No pictures belong in the copy. Retype exactly, and only, the stretch of lines below from the one with "Supporto costituito da" through the one with "Streptococcus pyogenes |".

[[ Task data open ]]

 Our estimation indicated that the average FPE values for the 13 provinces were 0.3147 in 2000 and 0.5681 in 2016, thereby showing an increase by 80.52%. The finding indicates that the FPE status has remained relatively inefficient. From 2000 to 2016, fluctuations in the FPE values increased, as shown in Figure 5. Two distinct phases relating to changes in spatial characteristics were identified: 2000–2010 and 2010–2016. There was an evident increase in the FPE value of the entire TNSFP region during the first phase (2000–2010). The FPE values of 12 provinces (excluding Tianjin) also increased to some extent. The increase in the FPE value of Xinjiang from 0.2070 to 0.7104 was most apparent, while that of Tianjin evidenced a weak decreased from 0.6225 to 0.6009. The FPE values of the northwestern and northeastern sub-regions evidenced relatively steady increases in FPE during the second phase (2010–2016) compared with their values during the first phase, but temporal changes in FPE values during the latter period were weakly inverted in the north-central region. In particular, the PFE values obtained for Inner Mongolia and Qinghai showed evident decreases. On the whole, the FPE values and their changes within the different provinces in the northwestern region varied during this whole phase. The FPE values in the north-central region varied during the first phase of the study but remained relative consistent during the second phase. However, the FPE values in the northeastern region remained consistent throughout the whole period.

[[ Task data closed ]]
[[ Task data open ]]

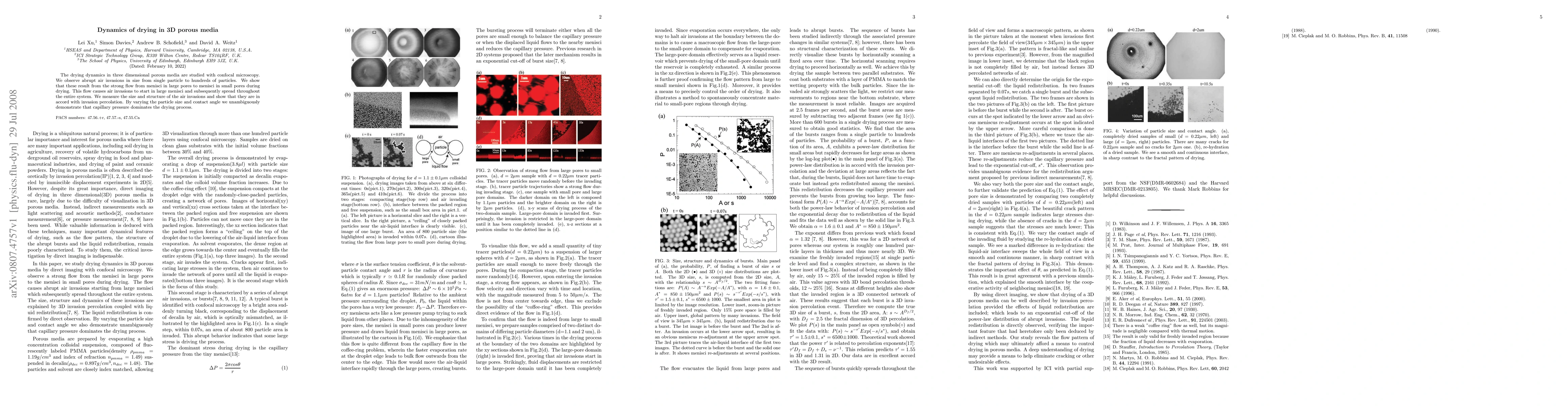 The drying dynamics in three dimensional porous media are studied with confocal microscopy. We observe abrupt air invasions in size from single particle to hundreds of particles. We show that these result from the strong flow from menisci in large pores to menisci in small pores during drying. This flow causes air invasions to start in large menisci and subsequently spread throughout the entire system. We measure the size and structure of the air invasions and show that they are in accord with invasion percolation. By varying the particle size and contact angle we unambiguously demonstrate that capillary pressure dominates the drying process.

[[ Task data closed ]]
[[ Task data open ]]

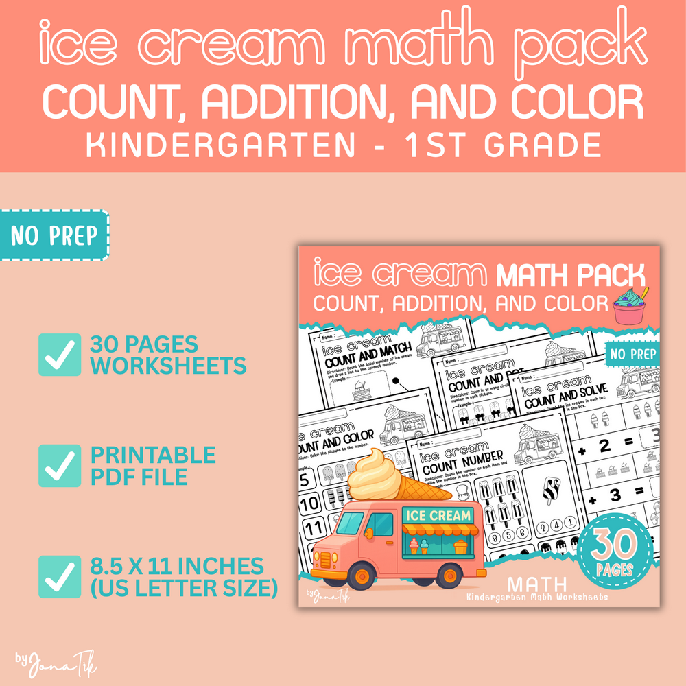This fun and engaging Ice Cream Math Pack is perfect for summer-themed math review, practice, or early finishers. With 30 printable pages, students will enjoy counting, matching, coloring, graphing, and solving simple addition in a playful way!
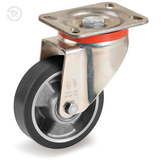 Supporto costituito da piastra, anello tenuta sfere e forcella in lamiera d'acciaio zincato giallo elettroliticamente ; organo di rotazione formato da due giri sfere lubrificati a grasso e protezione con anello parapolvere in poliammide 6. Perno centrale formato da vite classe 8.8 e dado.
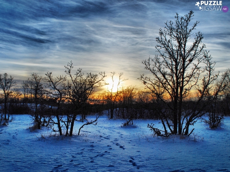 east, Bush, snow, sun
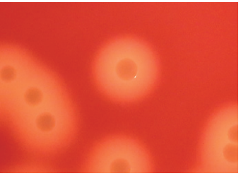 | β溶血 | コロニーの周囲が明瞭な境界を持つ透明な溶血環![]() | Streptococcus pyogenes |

[[ Task data closed ]]

§ Exercise response
 Supporto costituito da piastra, anello tenuta sfere e forcella in lamiera d'acciaio zincato giallo elettroliticamente ; organo di rotazione formato da due giri sfere lubrificati a grasso e protezione con anello parapolvere in poliammide 6. Perno centrale formato da vite classe 8.8 e dado.
 east, Bush, snow, sun
 | β溶血 | コロニーの周囲が明瞭な境界を持つ透明な溶血環![]() | Streptococcus pyogenes |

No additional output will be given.